Le DGD du 5 mai 2021 comprend un poste « reprise des malfaçons », pour un coût de 429 051,95 euros, qui est lui-même divisé en 12 postes, chacun étant justifié par des devis et des ordres de service (pièces 22, annexes au DGD). Ces 12 postes couvrent notamment des travaux de : « reprise des escaliers, fermeture de trémie, calfeutrements' » qui correspondent aux réserves mentionnées dans le constat du 8 mars 2021. Les devis et ordres de service, qui ne sont pas discutés par la société Atradius, permettent ainsi de justifier du coût de levée des réserves pour un montant de 429 051,95 euros, nettement plus élevé que celui de la caution qui ne porte que sur une somme de 299 645 euros.

La société Neximmo est dès lors fondée en sa demande de mise en 'uvre de la caution à hauteur de la somme de 299 645 euros, afin de faire face aux travaux nécessaires à la levée des réserves, étant ici rappelé que la société TAM n'était plus en mesure de procéder à cette levée.

La société Neximmo admettant toutefois qu'elle reste devoir une somme de 13 982,76 euros à la société TAM, ce qui ressort clairement du DGD, il convient de déduire cette somme, de sorte que la société Atradius reste finalement devoir la somme de 285 662,24 euros. Elle sera condamnée au paiement de cette somme, outre intérêts au taux légal à compter du 7 septembre 2021, date de la mise en demeure, avec capitalisation. Le jugement sera infirmé sur le quantum de la condamnation.

3 ' sur la demande indemnitaire pour résistance abusive

La société Neximmo sollicite paiement d'une somme de 10 000 euros à titre de dommages-intérêts pour résistance abusive, au motif que la société Atradius n'a pas répondu à ses mises en demeure des 12 septembre et 20 octobre 2022.

La société Atradius s'oppose à cette demande, faisant valoir qu'elle a répondu aux demandes de la société Neximmo, notamment en sollicitant des pièces qui n'ont jamais été communiquées.

Réponse de la cour

L'absence de réponse à deux mises en demeure, à la supposer établie, est insuffisante à caractériser un abus dans la résistance au paiement, de sorte que la demande indemnitaire sera rejetée.

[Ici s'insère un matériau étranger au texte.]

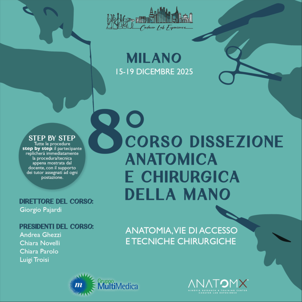 Ho il piacere di presentare la Ottava Edizione del Corso di Dissezione Anatomica e Chirurgica della Mano: anatomia, vie di accesso e tecniche microchirurgiche che si terrà a Milano dal 15 al 19 Dicembre 2025. La didattica su preparati anatomici rappresenta una pietra miliare nella preparazione sia dei giovani specializzandi che dei chirurghi già maturi: poter congiungere la didattica frontale tradizionale con la dissezione anatomica ed il successivo riscontro in sala operatoria di quanto appreso è senza dubbio una modalità di insegnamento 2.0. Questa settimana in particolare è dedicata agli Specializzandi e Specialisti di Chirurgia Plastica, Estetica e Ricostruttiva e di Ortopedia e Traumatologia che vogliano cimentarsi nel meraviglioso mondo della Chirurgia della Mano, approfondire l’anatomia dell’arto superiore e migliorare le loro conoscenze e le loro tecniche operatorie. È l’evoluzione e la sintesi del corso di dissezione che ebbi l’onore di creare durante la mia presidenza della SICM nel 2011 ad Arezzo, che ha formato centinaia di giovani.

4 ' sur les demandes accessoires

Le jugement sera confirmé en ses dispositions relatives aux frais irrépétibles et aux dépens.

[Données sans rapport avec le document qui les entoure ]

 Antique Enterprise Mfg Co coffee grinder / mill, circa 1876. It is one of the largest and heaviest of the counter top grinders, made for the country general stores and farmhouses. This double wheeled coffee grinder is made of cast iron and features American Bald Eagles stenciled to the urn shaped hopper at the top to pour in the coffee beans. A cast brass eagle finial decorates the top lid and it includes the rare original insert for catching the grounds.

La société Atradius, qui succombe, sera condamnée aux dépens d'appel. Elle sera en outre condamnée à payer à la société Neximmo la somme de 8 000 euros au titre des frais irrépétibles exposés en appel.

PAR CES MOTIFS

La cour, statuant par arrêt contradictoire,

Infirme le jugement du tribunal de commerce de Nanterre du 9 juin 2023 en ce qu'il a condamné la société Atradius à payer à la société Neximmo la somme de 299 645 euros au titre de son engagement de caution,

Statuant à nouveau de ce chef,

Condamne la société Atradius à payer à la société Neximmo la somme de 285 662,24 euros au titre de son engagement de caution, outre intérêts au taux légal à compter du 7 septembre 2021, capitalisés selon les modalités de l'article 1343-2 du code civil,

Confirme le jugement pour le surplus,

Déboute les parties du surplus de leurs demandes,

Y ajoutant,

Condamne la société Atradius à payer à la société Neximmo la somme de 8 000 euros au titre des frais irrépétibles d'appel,

Condamne la société Atradius aux dépens d'appel, avec droit de recouvrement direct par application de l'article 699 du code de procédure civile.

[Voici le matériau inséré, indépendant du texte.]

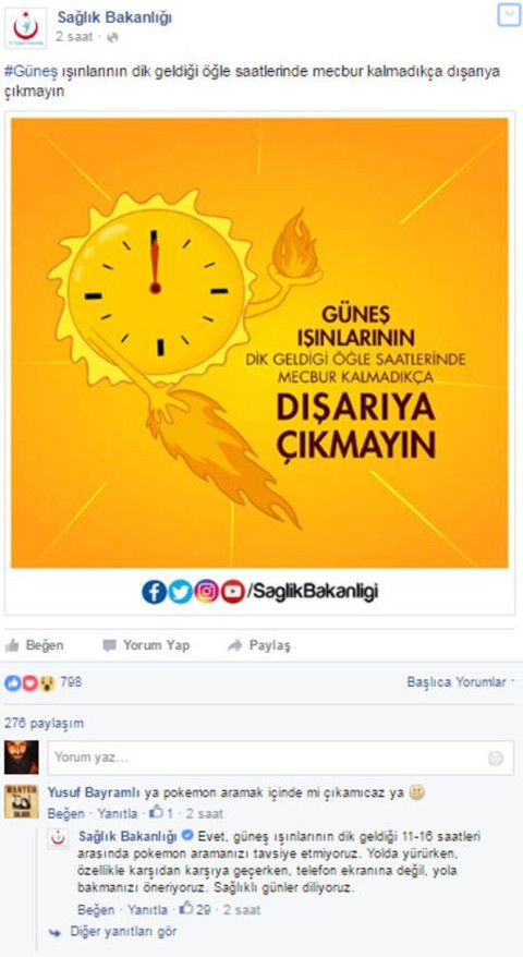 Galerinin tamamı için tıklayınızSağlık Bakanlığı'nın resmi Facebook hesabından gün içerisinde, "Güneş ışınlarının dik geldiği öğle saatlerinde mecbur kalmadıkça dışarıya çıkmayın" başlığı ile bilgilendirme paylaşımı yapıldı. Bir vatandaş ise bu paylaşıma "Ya Pokemon aramak içinde mi çıkamıcaz ya" şeklinde yorum yazdı.

- prononcé publiquement par mise à disposition de l'arrêt au greffe de la cour, les parties en ayant été préalablement avisées dans les conditions prévues au deuxième alinéa de l'article 450 du code de procédure civile.

- signé par Monsieur Ronan GUERLOT, Président, et par Madame Françoise DUCAMIN, Greffière, auquel la minute de la décision a été remise par le magistrat signataire.